The two-dimensional functionally graded materials, (2D-FGMs) have been recently introduced in order to
significantly reduce the thermal stresses in machine elements that subjected to sever thermal loading. To
the author’s knowledge no work was found that investigates the elastic–plastic stress analysis for 2DFGMs.
In the current work, a 3D finite element model of 2D-FGM plates made of ZrO2, 6061-T6 and Ti-
6Al-4V with temperature dependent material properties has been proposed to perform such analysis.

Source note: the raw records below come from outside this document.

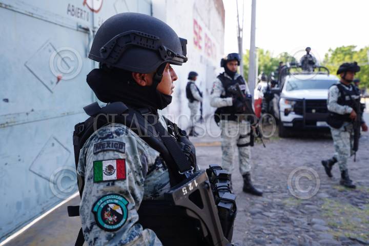 BUENAVISTA, MICHOACÁN, 18DICIEMBRE2024.- Elementos de la Guardia Nacional custodian la Semefo en donde están los cuerpos de los dos soldados que murieron tras la explosión de una mina terrestre, de fabricación casera, en un supuesto campo minado ubicado en los límites de los municipios de Buenavista Tomatlán y Apatzingán, en la región de Tierra Caliente. FOTO: JUAN JOSÉ ESTRADA SERAFÍN/ CUARTOSCURO.COM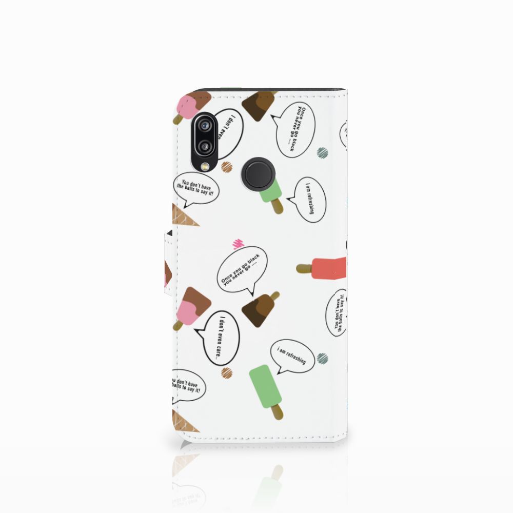 Van dit vrolijke Huawei P20 Lite Book Cover met daarop verschillende soorten ijsjes met tekstwolkjes krijg je sowieso een vrij en zomers gevoel. De zomer komt naar je toe met deze print van ijsjes met tekstwolkjes. Ben je op het strand, dan ontbreekt een lekker ijsje natuurlijk niet. Net zoals je je smartphone bij de hand hebt, met daaromheen een design hoesje met bijzondere ijsjes en tekstwolkjes. Jouw telefoon kan dan de bescherming in de vorm van een boekhoesje met ijsjes zeer goed gebruiken. Alle zijden van dit hoesje worden bedrukt met ijsjes en tekstwolkjes. De case heeft een lipje aan de buitenzijde voor het afsluiten van de telefoon en de houder aan de binnenzijde is van TPU. Onder alle weersomstandigheden zal deze case met verschillende opbergvakjes perfect functioneren, ook op het strand met een ijsje in je hand.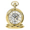 From the new Rotary Heritage Collection, this classic Rotary mens pocket watch features a polished gold plated PVD double half hunter stainless steel case, showcasing a beautiful dial with gold tone Roman Numerals, that is partially skeletonised, allowing for a glimpse into the mechanical inner workings.

An elastic plastic stress–strain relation based on the rule of mixture of the 2D-FGM has been introduced
in the model. Also, a 3D finite element model of conventional FGM plates, of ZrO2/Ti-6Al-4V and ZrO2/
6061-T6, with temperature dependent material properties has been proposed for the investigation of
these plates too. Then, elastic–plastic stress analysis of the considered four plates (two conventional
FGMs and two 2D-FGMs) under the same transient cyclic heating and cooling was carried out. It was
found that heat conductivity of the metallic constituents of FGM has great effect on the temperature distributions
that resulting from the thermal loads. Minimum temperatures variation and minimum stresses
can be obtained using ZrO2/6061-T6/Ti-6Al-4V 2D-FGM. Also, the results indicate that only ZrO2/6061-
T6/Ti-6Al-4V 2D-FGM can stand with the adopted sever thermal loading without fracture or plastic
deformations.